The Shopper Journey Isn’t Linear – So Why Are We Still Treating It That Way?

Inside the Shopper Mind Series (article 1): How People Really Make Purchase Decisions

We like to imagine ourselves as considered, thoughtful shoppers. We picture a clear moment of need (“We’re nearly out of olive oil”), followed by a bit of research, a neat comparison of options, and then a rational, deliberate choice.

But this isn’t how most of us actually shop.

If you’ve ever walked into a supermarket for pasta and walked out with three new snacks, a candle, and the pasta you almost forgot… you already know this. And if you’ve ever opened six tabs of the same product online only to default to the brand you always buy, even when others are cheaper… you also know this.

The truth is: the shopper journey is rarely linear. It’s looping, emotional, and heavily influenced by the context we’re in when the decision is made.

Yet most brands still plan and test as if shoppers move neatly from awareness → consideration → evaluation → purchase. A tidy diagram, yes. A reflection of how the mind actually works? Not really.

A World Where Context Rules

What we choose in-store or online depends far less on what we think we prefer and far more on:

  • How much time we have
  • Our cognitive load
  • Our mood
  • What feels familiar or comforting
  • And whether the choice is “for me” or “for others”

The same person buying the same category will behave differently depending on whether they’re in a rush on a Tuesday evening after work, wandering around the store slowly at the weekend, or shopping online late at night.

These aren’t trivial variations – they fundamentally shift the criteria we use to make our decisions.

Crucially, most of this process happens implicitly, not consciously.

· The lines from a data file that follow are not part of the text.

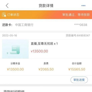 此外,小李还透露,在按照贷款申请填写信息之后,随即贷款成功,她也收到海尔消金的短信通知,短信内容为“您在2022年5月16日申请的135600元贷款已经通过”,不过并没有注明贷款原因是什么。根据小李提供的另外一张截图显示,该笔贷款的用途为:直播,至尊无忧班。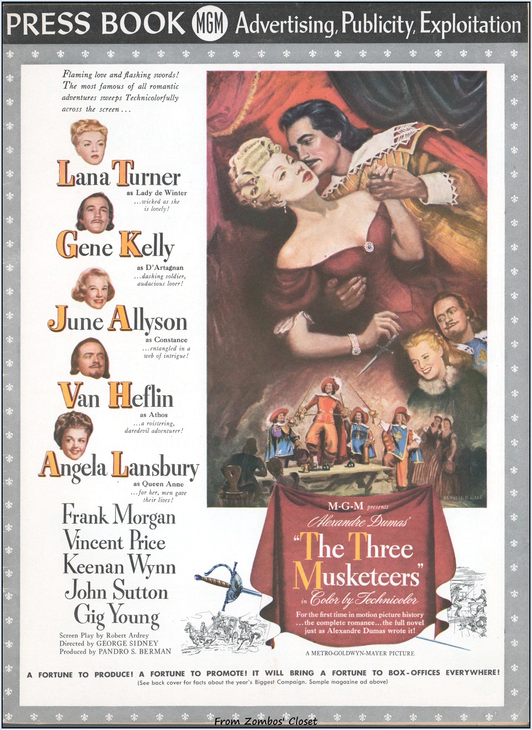 Here’s The Three Musketeers pressbook portion that covered advertising. “The Three Musketeers was an extremely personal project for [Gene] Kelly for two reasons” (from the TCM article on the movie). “The first was the fact that he was recreating the character (D’Artagnan) played by his favorite star (Douglas Fairbanks) in his favorite movie (the 1921 version of The Three Musketeers). Kelly was later quoted in Tony Thomas’ The Films of Gene Kelly: Song and Dance saying “I loved playing this part. As a boy I idolized Fairbanks, Sr. and I raised myself to be a gymnast.” The second reason is that Kelly was hoping his performance in The Three Musketeers would convince MGM to let him do a musical version of Edmond Rostand’s Cyrano De Bergerac.. Regardless of his energetic performance in The Three Musketeers, the studio brass wouldn’t go for a musical Cyrano even though Kelly pestered them for years about it.”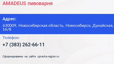AMADEUS, пивоварня по адресу 630009, Новосибирская область, Новосибирск, Дунайская, 16/8 в дальнейшем Организация, размещена в следующих категориях: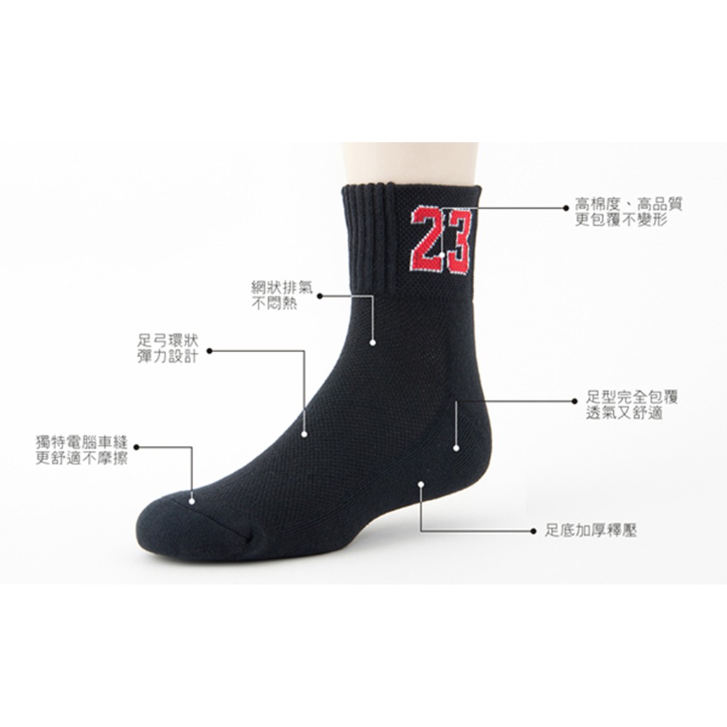 【ifeet】籃球神奇23號毛巾氣墊運動中統襪(6012)-1雙入-黑色(老船長sinacova)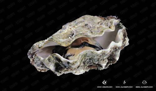 1.打开一个开口的贝壳图片(图1)。再打开一个莲花池塘的图片(图2)。将莲花池塘的图片拖移到贝壳图片的文件中。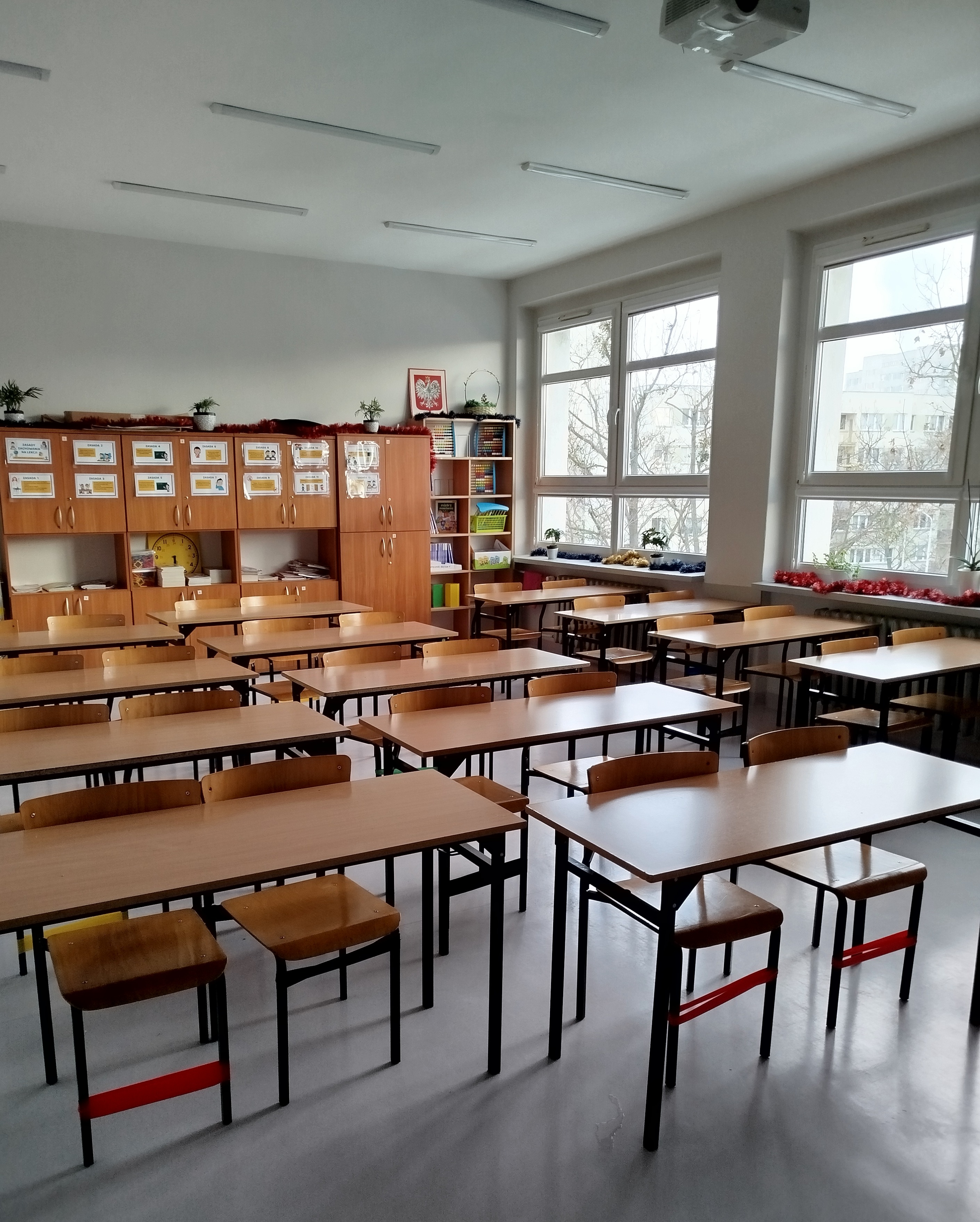 Z inicjatywy nauczycielki matematyki Pani Iriny , po ukończeniu szkolenia „Pozytywna dyscyplina”, na wybranych krzesłach w sali 64 zamontowano opaski antystresowe. Elastyczna struktura opasek pozwala uczniom na dyskretne poruszanie stopami, co pomaga w rozładowaniu napięcia i utrzymaniu koncentracji bez zakłócania przebiegu lekcji. Szczególnie pozytywnie przyjęli je uczniowie klasy 4a, którzy chętnie korzystają z tej formy wsparcia. To kolejny krok w budowaniu środowiska edukacyjnego opartego na założeniach pozytywnej dyscypliny, uwzględniającego potrzeby rozwojowe uczniów i wspierającego ich samoregulację.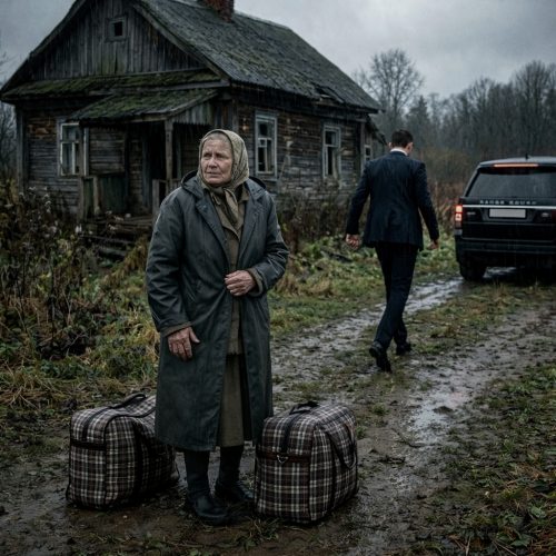 За рулём сидел Максим — тридцатидвухлетний мужчина в безупречном костюме. Обычно уверенный и собранный, сейчас он выглядел раздражённым и напряжённым. Рядом, на пассажирском сиденье, сжавшись в комок, будто испуганная птица, сидела Нина Петровна. Её руки, покрытые морщинами и вздутыми венами от тяжёлой жизни, нервно теребили край старого плаща.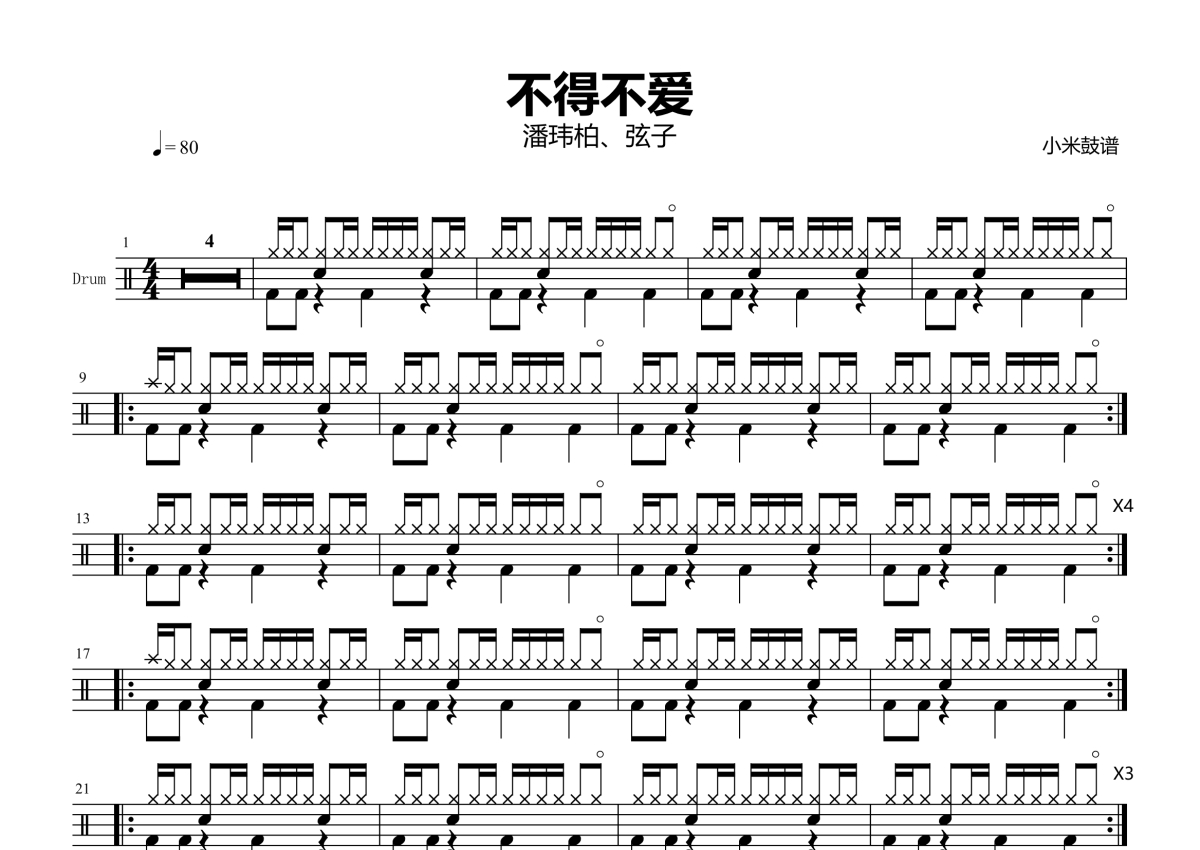 《不得不爱》是潘玮柏、弦子演唱的一首歌曲,拍号为4/4拍,歌曲速度为每分钟80拍,这份架子鼓谱共有两张高清图谱,图谱由 @小米鼓谱 编配上传,图谱使用五线谱编配,使用这份不得不爱架子鼓谱,你将能够轻松地敲打出这首潘玮柏、弦子的不得不爱,快来尝试吧。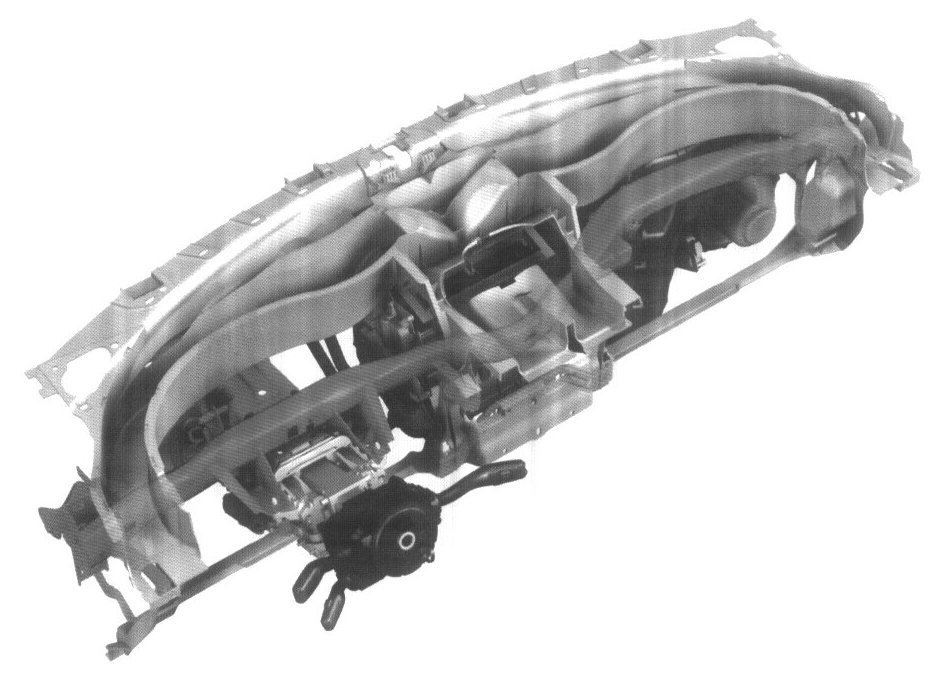 The lower section of the instrument panel consists of the support frame to which areattachedd assemblies such as air vents, steering column lever, fans, etc.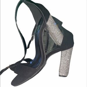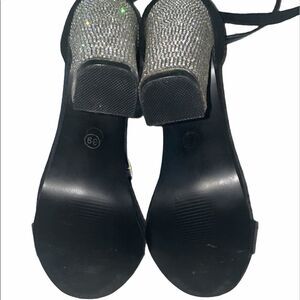 Black suede heels With a block heel all strassed In new condition Size 39

Even the most self-aware shopper is influenced by the environment, the mood, and the overall state they happen to find themselves in. 

We may tell ourselves we’re comparing price, ingredients, claims or reviews.
But what we feel about the brand – our implicit associations – often determines choice long before we reach the point of conscious justification.

The Messy Middle (And Why It Matters)

Marketers often talk about the “messy middle” – the back-and-forth loop people make between browsing and reassurance-seeking. But the “messiness” isn’t just about having more information than ever. It’s that the brain takes shortcuts wherever it can:

  • We default to familiar brands because they feel safer.
  • We pick items that stand out visually because the brain likes ease.
  • We avoid products that require too much effort to understand.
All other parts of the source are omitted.